Critics of the right wing UK government rightly raise the fact that the post-War Labour government set up the welfare state while national debt was more than double GDP and national income per head was between about a quarter of what it is today. Now the country is so much richer, and so much less burdened by debt, the government tries to persuade us the situation is so desperate we have to scrap the welfare state! This is really just the rhetoric of class war. The Tories see the crisis as an opportunity to tip the balance of class forces back in favour of the ruling class by hacking away at the welfare state.

Fighting the cuts

For the working class government spending has an entirely different significance. Of course the state is a capitalist state, but government spending is an arena of class struggle. We have fought on the industrial and political fronts for centuries to preserve and improve our living standards. The proportion of government expenditure that is spent on welfare benefits is a vital protection against the insecurity that is a permanent feature of life under capitalism. Inadequate as they are, they are a shield against poverty incurred while bringing up a family, unemployed or in old age. Likewise the National Health Service provided free comprehensive medical provision to the mass of people for the first time.
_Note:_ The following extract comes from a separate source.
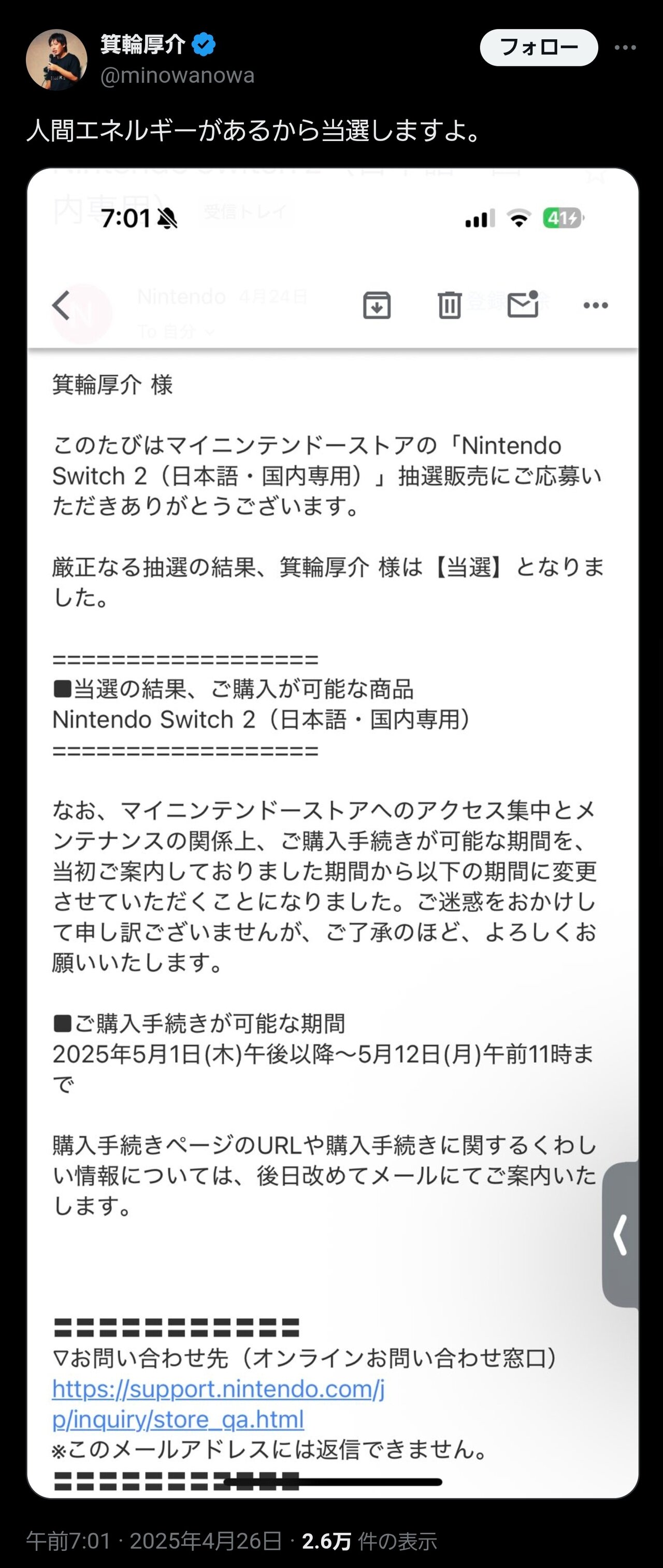 2025年6月18日 12:24幻冬舎の編集者の箕輪厚介氏が18日、ユーチューブで「中川翔子さんにSwitch2を譲渡したのは私です」と明かし、謝罪した。

In the years after the Second World War we saw working class students who were able in some numbers to take advantage of a system of grants and the free provision of education to go to university for the first time. That has already been severely trimmed back and is being whittled away further as we write.

All this is part of a social wage. It is as precious to working class people as the wages they earn in the workplace. It has to be defended. And of course, this is the part of government spending that is particularly under threat now. The class struggle is not just waged at work, on the shop floor. It also has a political aspect. The working class has fought historically for the social wage. The fight against cuts is part of the struggle to defend working class living standards against the offensive triggered by the capitalist crisis.

We can beat the cuts. But to do so we must be clear that we are taking on the entire might and the interests of the ruling class. This book was written by a socialist and Marxist. It is evident, now more than ever, that the only real solution to the problems of working people is to transform society in the direction of socialism. Let us dedicate ourselves to that task.